Developmental change in amygdala reactivity during adolescence: effects of family history of depression and stressful life events.
Although heightened amygdala reactivity is observed in patients with major depression, two critical gaps in our knowledge remain. First, it is unclear whether heightened amygdala reactivity is a premorbid vulnerability or a consequence of the disorder. Second, it is unknown how and when this neural phenotype develops. The authors sought to address these gaps by evaluating developmental change in threat-related amygdala reactivity in adolescents at high or low risk for depression based on family history, before onset of disorder.

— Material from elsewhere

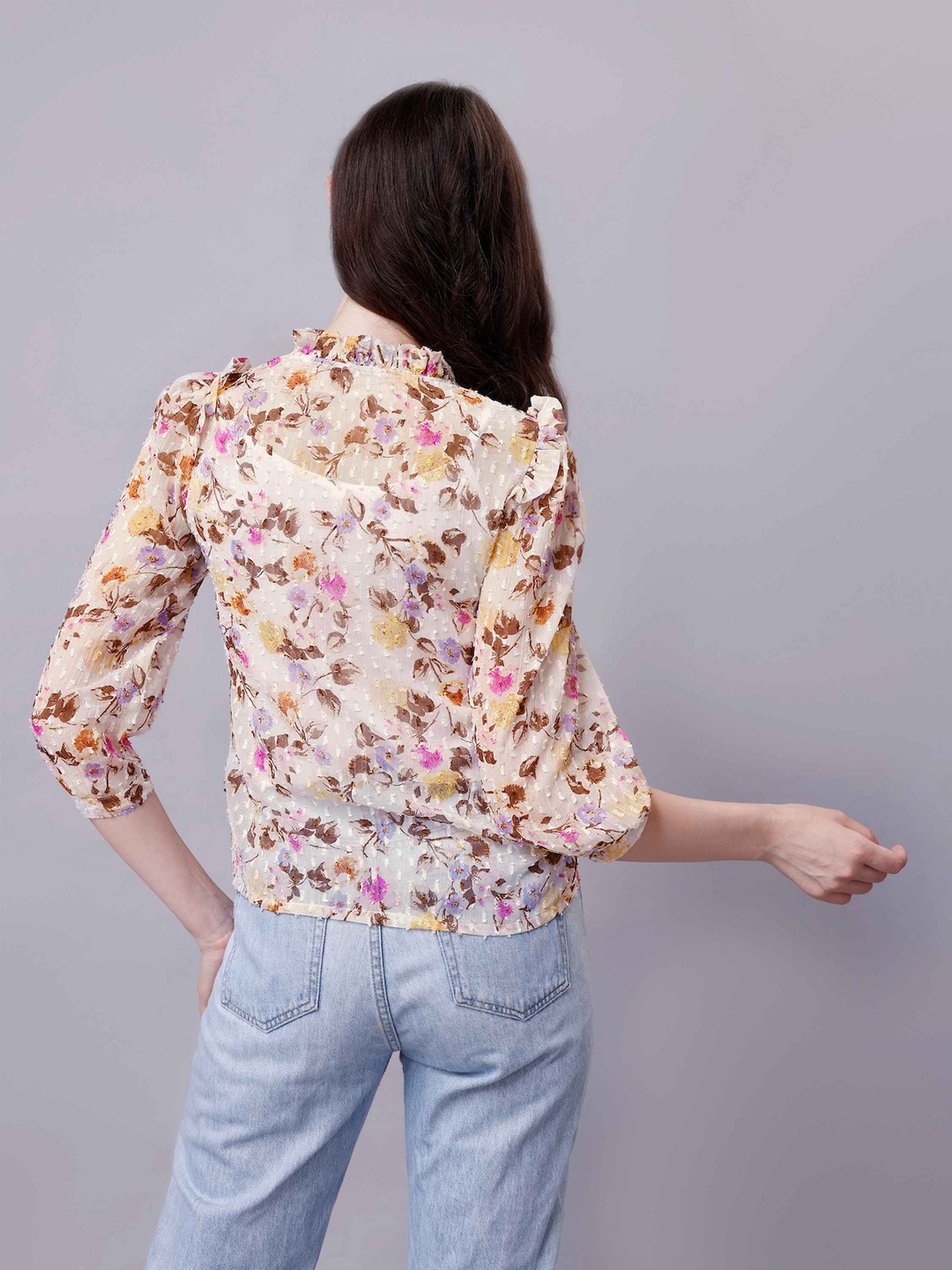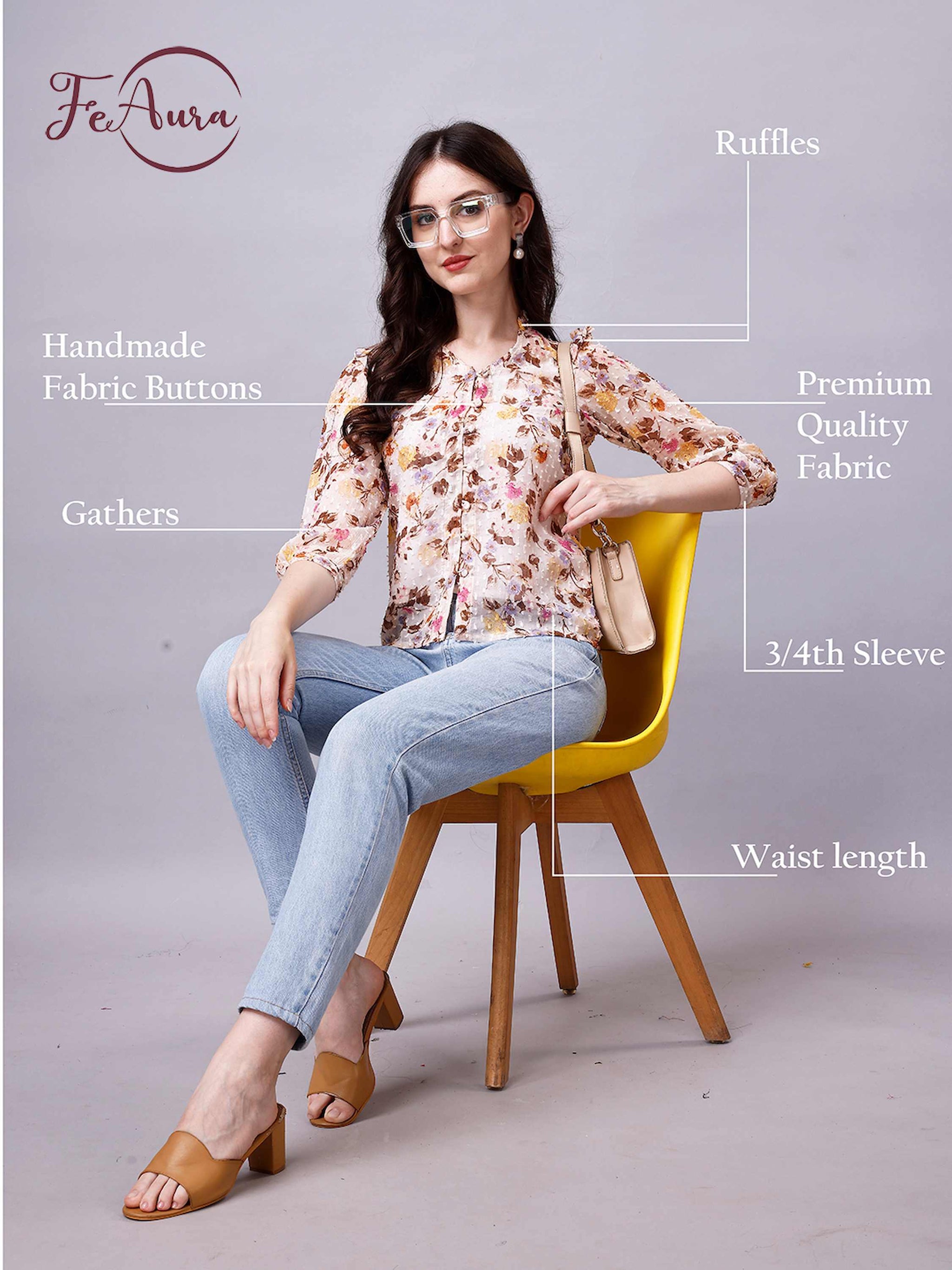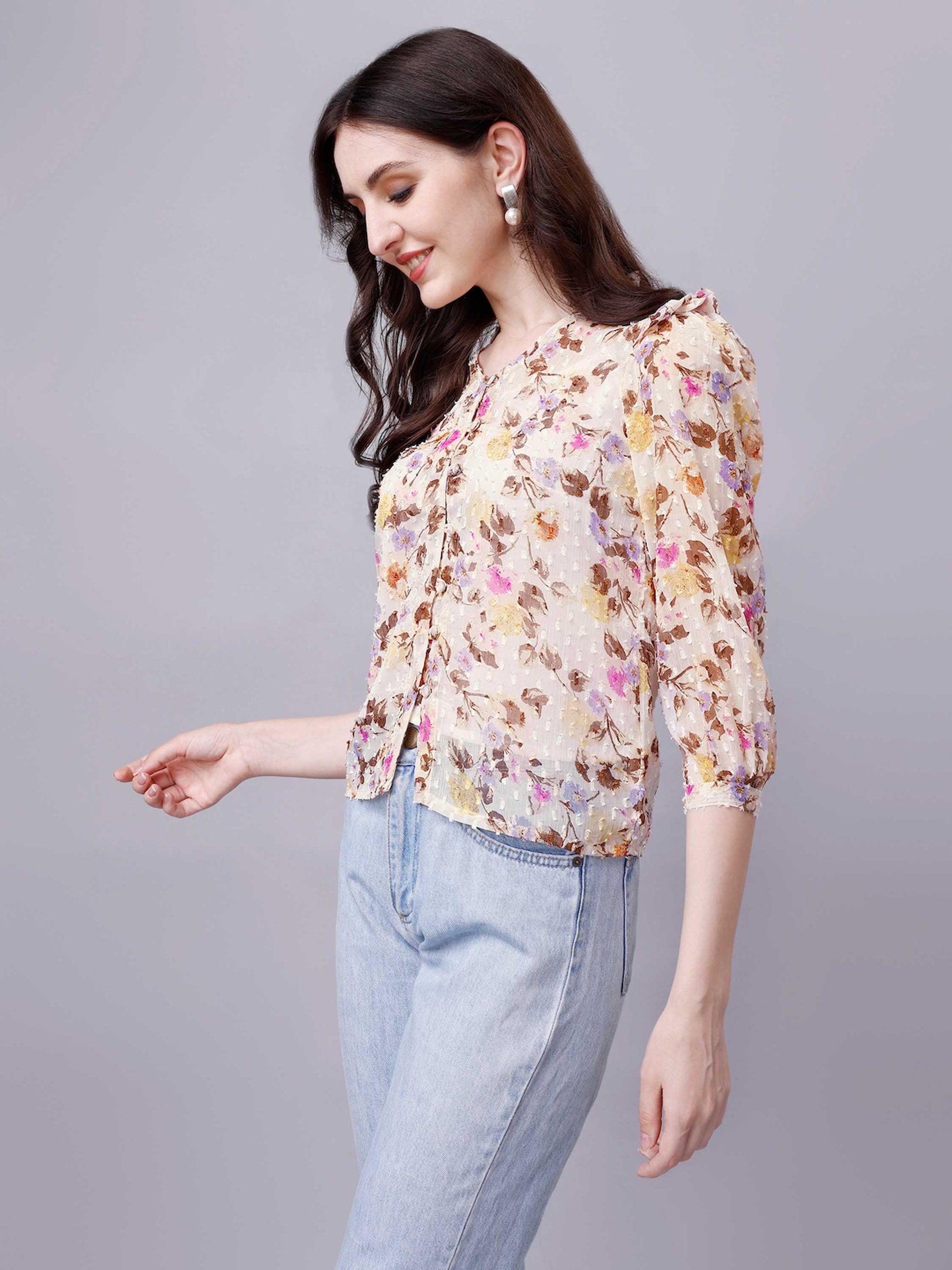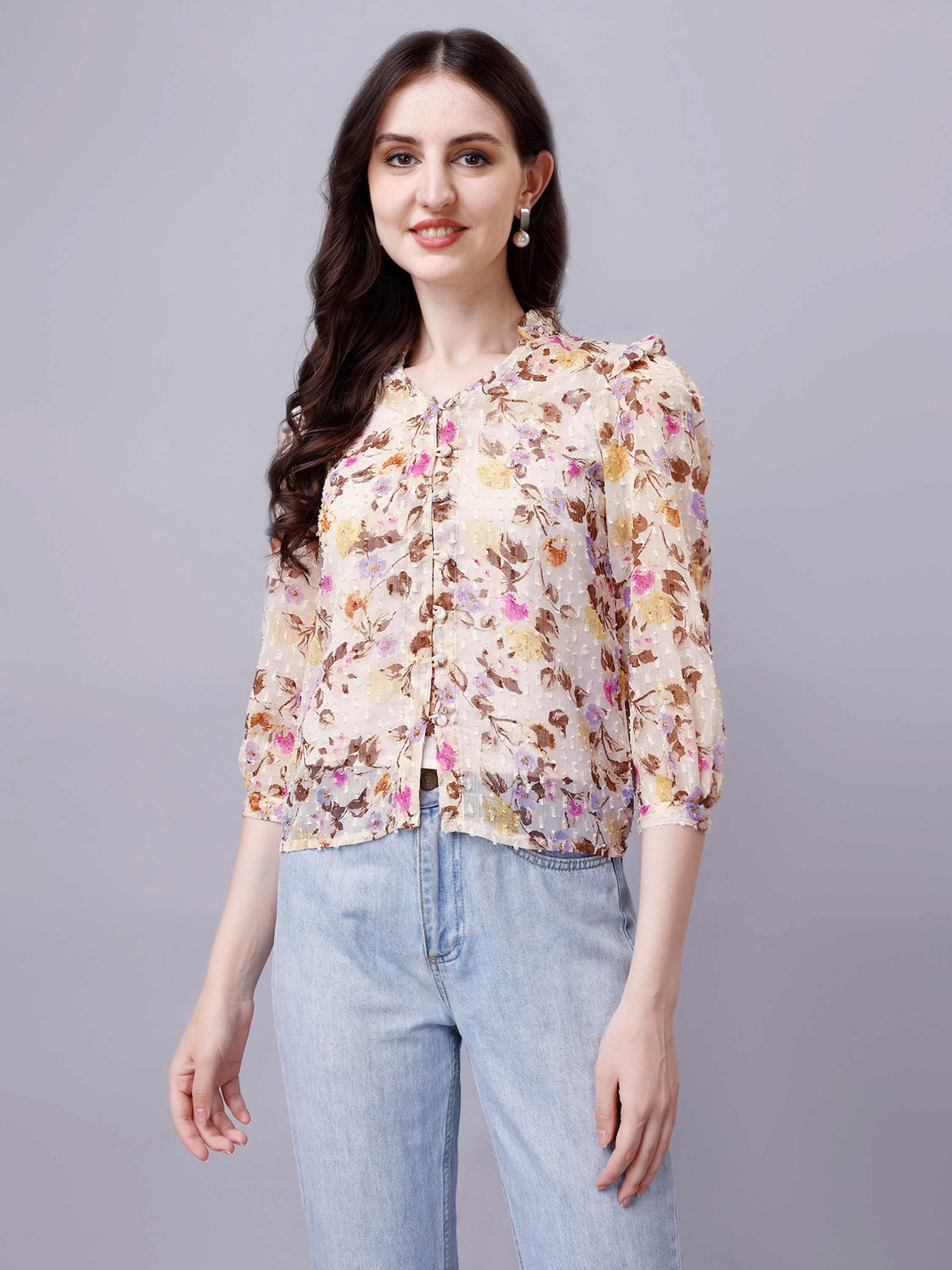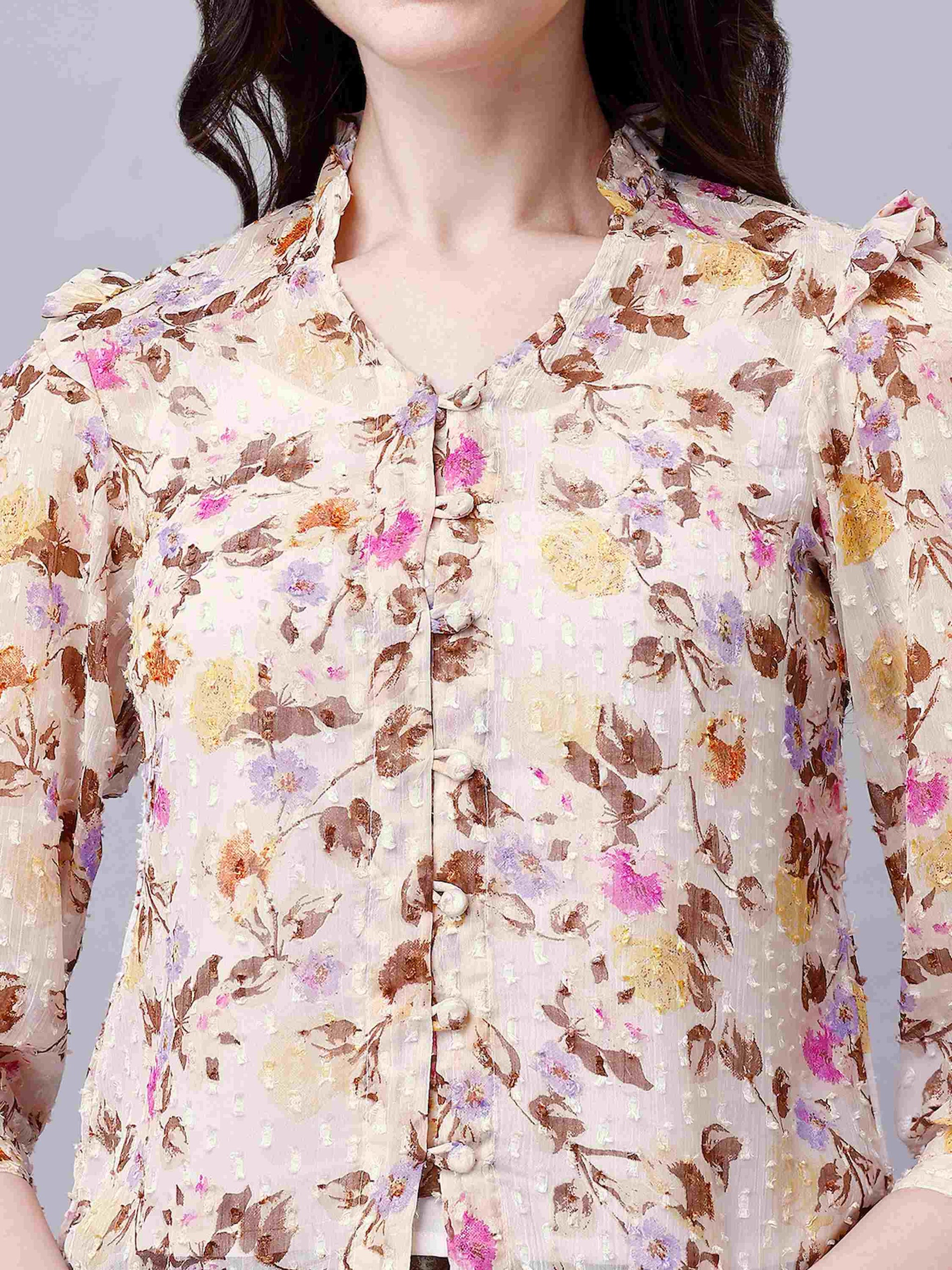 Chiffon Floral Print Sheer Shirt in Off-white is super soft, light weight and comfortable. This casual shirt can be worn throughout the day and in any occasion.

At baseline and again 2 years later, adolescents (initially 11-15 years of age) participated in a functional MRI paradigm that elicited threat-related amygdala reactivity. After quality control, data were available for 232 adolescents at wave 1 and 197 adolescents at wave 2; longitudinal data meeting quality control at both waves were available for 157 of these participants. Change in amygdala reactivity was assessed as a function of family history of depression and severity of stressful life events.
Threat-related amygdala reactivity increased with age in participants with a positive family history regardless of the severity of life stress reported, and it increased in adolescents with a negative family history who reported relatively severe life stress. These changes in amygdala reactivity with age occurred in the absence of clinical disorder or increases in depressive symptoms.
These results suggest that heightened amygdala reactivity emerges during adolescence, prior to the development of depression, as a function of familial risk or, in the absence of familial risk, stressful life events.